* [INSTRUCTIONS TO FOLLOW]
Copy out the lines beginning with the one that contains "王进副教授与东北大学杨景帅教授课题组合作,在高分子科学一区期刊Journal of Membrane" and ending with the last line below, exactly as they stand. Pictures are not copied.

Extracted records
--

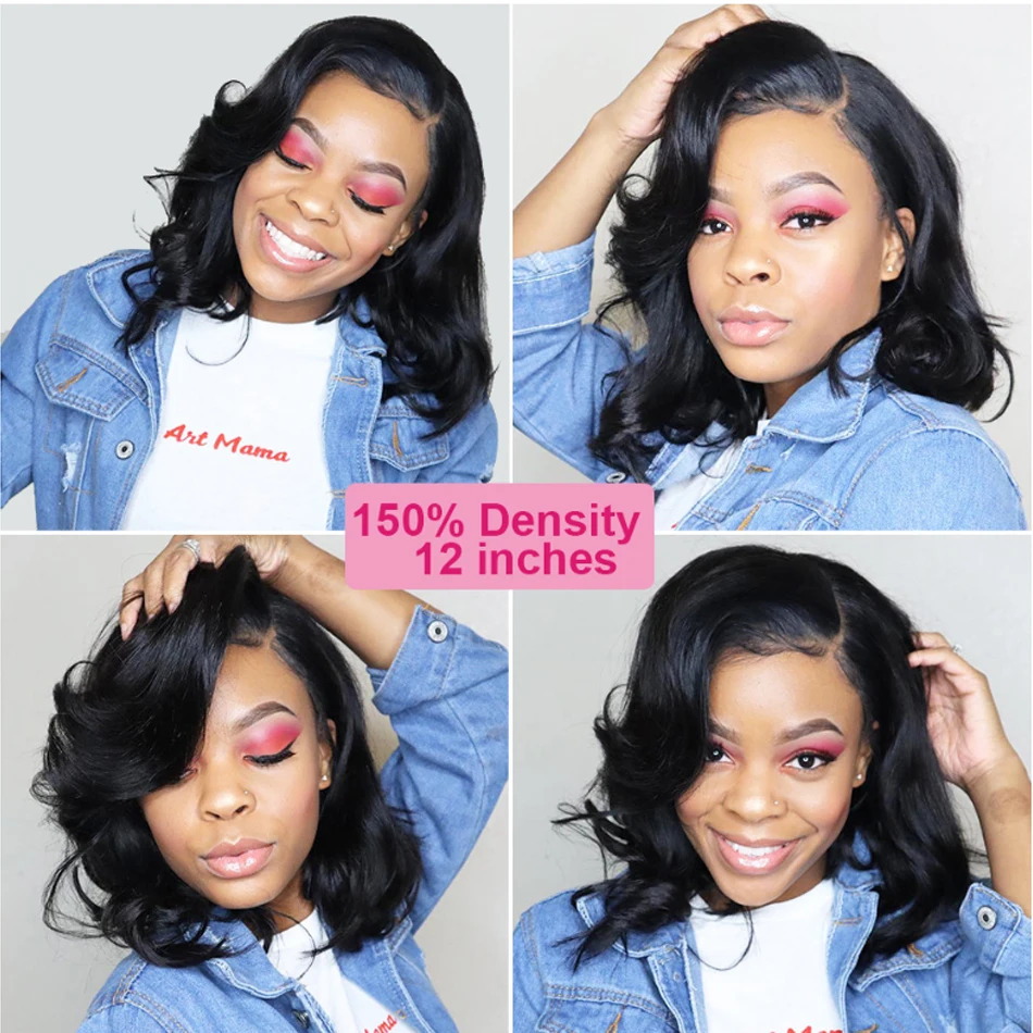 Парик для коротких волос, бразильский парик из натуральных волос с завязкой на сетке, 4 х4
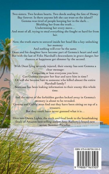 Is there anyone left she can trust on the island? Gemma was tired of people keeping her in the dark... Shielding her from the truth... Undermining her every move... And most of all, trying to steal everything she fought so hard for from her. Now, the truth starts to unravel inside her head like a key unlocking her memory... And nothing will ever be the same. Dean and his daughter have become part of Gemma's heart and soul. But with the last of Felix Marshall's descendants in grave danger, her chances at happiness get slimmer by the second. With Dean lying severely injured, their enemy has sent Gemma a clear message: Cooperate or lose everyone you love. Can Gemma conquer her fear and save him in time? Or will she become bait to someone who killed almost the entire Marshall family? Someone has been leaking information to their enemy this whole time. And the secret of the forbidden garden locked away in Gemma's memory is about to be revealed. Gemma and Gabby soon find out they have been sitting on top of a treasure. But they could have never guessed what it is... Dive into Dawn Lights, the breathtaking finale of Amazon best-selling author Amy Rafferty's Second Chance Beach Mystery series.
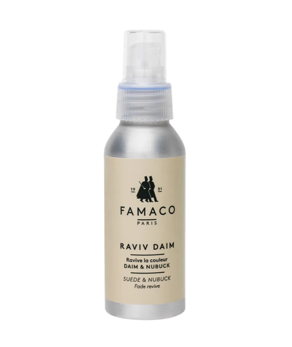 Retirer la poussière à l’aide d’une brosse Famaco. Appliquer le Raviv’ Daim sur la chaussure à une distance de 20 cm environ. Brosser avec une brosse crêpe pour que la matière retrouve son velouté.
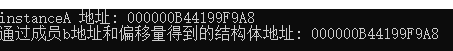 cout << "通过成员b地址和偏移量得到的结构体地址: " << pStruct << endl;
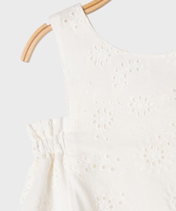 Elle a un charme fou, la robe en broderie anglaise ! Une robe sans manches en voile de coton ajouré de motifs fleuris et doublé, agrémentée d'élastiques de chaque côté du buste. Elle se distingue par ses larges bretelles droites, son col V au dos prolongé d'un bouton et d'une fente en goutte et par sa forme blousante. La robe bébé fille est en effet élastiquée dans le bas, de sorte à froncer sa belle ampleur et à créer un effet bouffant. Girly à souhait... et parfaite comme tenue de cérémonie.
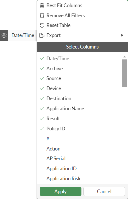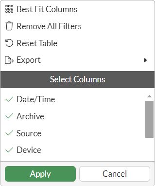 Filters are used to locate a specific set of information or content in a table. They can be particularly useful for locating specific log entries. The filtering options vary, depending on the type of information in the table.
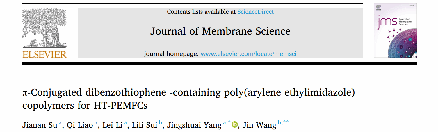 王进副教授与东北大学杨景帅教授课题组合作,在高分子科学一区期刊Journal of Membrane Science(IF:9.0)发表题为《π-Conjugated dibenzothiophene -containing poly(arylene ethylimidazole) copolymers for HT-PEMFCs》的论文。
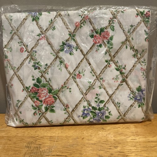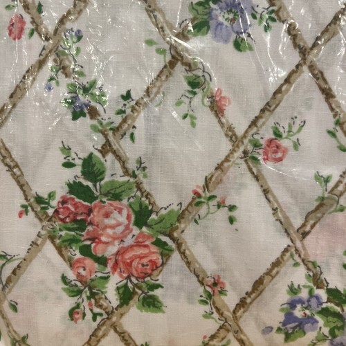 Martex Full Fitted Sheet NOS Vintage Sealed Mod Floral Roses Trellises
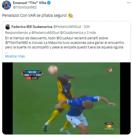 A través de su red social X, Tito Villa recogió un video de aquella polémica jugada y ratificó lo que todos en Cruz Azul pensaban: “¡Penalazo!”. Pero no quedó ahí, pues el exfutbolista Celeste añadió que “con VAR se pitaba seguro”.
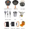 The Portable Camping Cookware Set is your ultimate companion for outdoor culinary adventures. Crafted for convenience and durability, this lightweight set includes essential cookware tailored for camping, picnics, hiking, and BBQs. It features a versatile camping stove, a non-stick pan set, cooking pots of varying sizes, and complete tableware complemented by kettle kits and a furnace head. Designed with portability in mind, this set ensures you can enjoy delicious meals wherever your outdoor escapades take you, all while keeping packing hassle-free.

--

* [EXERCISE ANSWER]
 王进副教授与东北大学杨景帅教授课题组合作,在高分子科学一区期刊Journal of Membrane Science(IF:9.0)发表题为《π-Conjugated dibenzothiophene -containing poly(arylene ethylimidazole) copolymers for HT-PEMFCs》的论文。
 Martex Full Fitted Sheet NOS Vintage Sealed Mod Floral Roses Trellises
 A través de su red social X, Tito Villa recogió un video de aquella polémica jugada y ratificó lo que todos en Cruz Azul pensaban: “¡Penalazo!”. Pero no quedó ahí, pues el exfutbolista Celeste añadió que “con VAR se pitaba seguro”.
 The Portable Camping Cookware Set is your ultimate companion for outdoor culinary adventures. Crafted for convenience and durability, this lightweight set includes essential cookware tailored for camping, picnics, hiking, and BBQs. It features a versatile camping stove, a non-stick pan set, cooking pots of varying sizes, and complete tableware complemented by kettle kits and a furnace head. Designed with portability in mind, this set ensures you can enjoy delicious meals wherever your outdoor escapades take you, all while keeping packing hassle-free.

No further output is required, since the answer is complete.